Take Thomas Sowell. Sowell is a hugely successful writer of popular economics books from a free market perspective. His presence is marginal in academic economics, but Sowell has attracted a major following, in part because he speaks in aphorisms and pithy phrases, saying things like “What exactly is your ‘fair share’ of what someone else has worked for?” and “Socialism in general has a record of failure so blatant that only an intellectual could ignore or evade it.” They’re expressions that stick in the mind, and they’re instantly intelligible to anyone.
Progressive ideas are popular, but progressives need to do a better job of speaking to people. Bernie will visit any venue from Fox News to the “Joe Rogan Experience” and try to explain his views in ways that even a Trump supporter can get on board with.
By contrast, a lot of my fellow Leftists seem to think we’re above having to debate our ideas or find persuasive ways to express them. I often encounter the sentiment that people can’t be persuaded, so debates and arguments are futile, with the implication that it’s okay if we only talk to others in our bubble.
This is dead wrong. The evidence shows that people can be persuaded if ideas are expressed clearly and succinctly. Conservatives understand this, which is why PragerU spends millions of dollars producing quick five-minute videos that explain the right-wing position on issues from the minimum wage to abortion. Compare the accessibility (and fun cartoons) of a PragerU video to the dense, theory laden text of the New Left Review and I think you see one reason why socialists other than Bernie remain at the margins of U.S. political discourse.
I suspect the Left’s failure to use rhetoric effectively is a significant explanation for why Republicans retain a strong constituency, despite the unpopularity of their ideas. Linguist George Lakoff once argued that Democrats lost in part because they weren’t as good at “framing” as Republicans, who used clever tricks like recasting the estate tax as a “death tax.”
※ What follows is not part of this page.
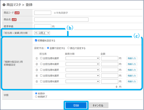 (c)「報酬分配設定」用初期値設定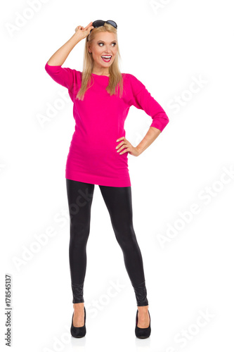 Fototapeta premium Excited Beautiful Woman Is Looking Away And Shouting

Framing isn’t everything, and progressives shouldn’t become as shameless as Fox News in manipulating people through deceitful propaganda. But they should pick up books by people like Sowell, Ben Shapiro, and Mark Levin to understand why conservatives consistently win public debates and sell more copies of their books.
Bernie Sanders and Ronald Reagan don’t have a lot in common, but one quality they do share is their uncommon ability to boil complicated ideas down into simple, intelligible rhetoric. Progressives who want to win should take notes.
Nathan J. Robinson is the editor in chief of Current Affairs magazine and the author of Responding to the Right: Brief Replies to 25 Conservative Arguments.
The views expressed in this article are the writer’s own.